Godard himself appears as a teacher figure through a whispered voice-over narration paired with electronic sounds, communicating with the characters and the viewer. The film seems to reflect Godard himself looking for new forms of film outside of the traditional rules set by Hollywood and soviet film. It is based on the concept of "back to zero", meaning to strip away most established film components like some kind of set and linear perspective with a vanishing point, any plot development, character arcs etc. and to examine the effects of simple images and sounds in a formalist experimental process, similar to Soviet filmmakers of the 1920s and their discovery of the Kuleshov effect, and mirroring efforts of communist directors Sergei Eisenstein and especially Dziga Vertov, after whom Godard would later name his left-wing director's duo.
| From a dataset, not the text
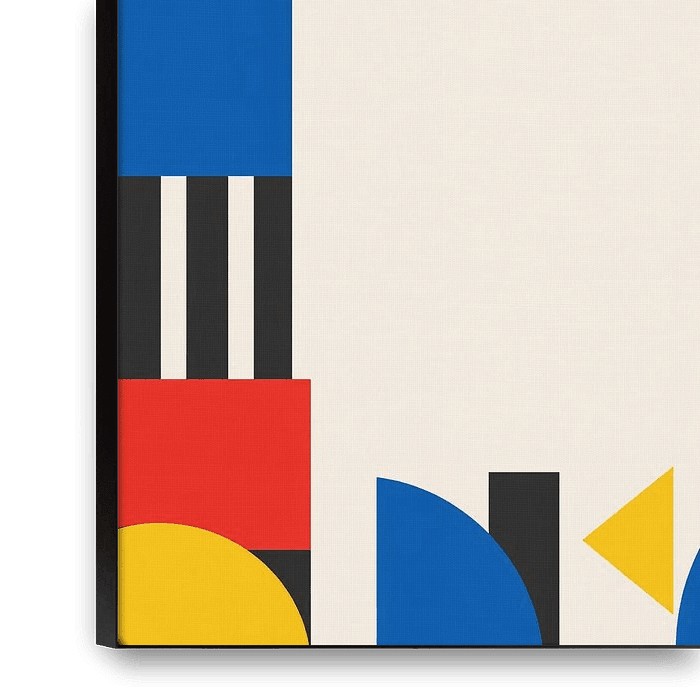 A minimalist abstract artwork inspired by Bauhaus principles, featuring bold geometric shapes, clean lines, and a balanced primary color palette. The open composition creates visual harmony and modern elegance, perfect for contemporary, mid-century, and design-focused interiors.

Godard had previously proclaimed the "End of Cinema" at the end of his previous film, Weekend. His work in the years after Joy of Learning often lacks fundamental elements of traditional films, with the aim of finding the way of communist revolutionary film making. For example, a development of a close relationship between Patricia and Emile is suggested, however no usual normative indication of a sexual nature of this relationship is given. Godard's previous films had often centered on a romantic couple and feelings of love and envy; it can thus be said this film marks an end of the theme of romance in his work.

== Production ==
The film underwent a lengthy period of shooting and editing throughout 1967/68 and was only released in 1969. Most of the material was probably shot before the events of May 68. Initially, Godard pitched the film to O.R.T.F. as more closely based on Rousseau's text. After completion, the film was rejected by French television and after a lengthy period of disputes over rights completed in West Germany. It's possible Jean-Pierre Gorin, a filmmaker Godard would soon go on to collaborate with in the form of Dziga Vertov Group, already had the chance to exert some influence in the post-production of the film. It's probable Godard had expected the film to reach a wider audience than some of his previous radical films through the medium of television. The film was shown on TV in Quebec.

==Cast==
Source:
- Juliet Berto - Patricia Lumumba, daughter of Congolese revolutionary Patrice Lumumba
- Jean-Pierre Léaud - Émile Rousseau, descendant of french philosopher Jean-Jacques Rousseau
- Jean-Luc Godard - Narrator (voice)
Both Berto and Léaud had appeared in some of Godard's previous films, most importantly La Chinoise, where they are depicted as young students undergoing a radicalizing process while studying works of Mao Zedong, and in Weekend.

Other, uncredited actors are depicted for short periods in the film: a young boy and an old man are interviewed in a way akin to a word association test, and seemingly interacting with some kind of newly invented video or audio recording device to play back their statements. Some context-less footage of modern city dwellers is also sometimes played.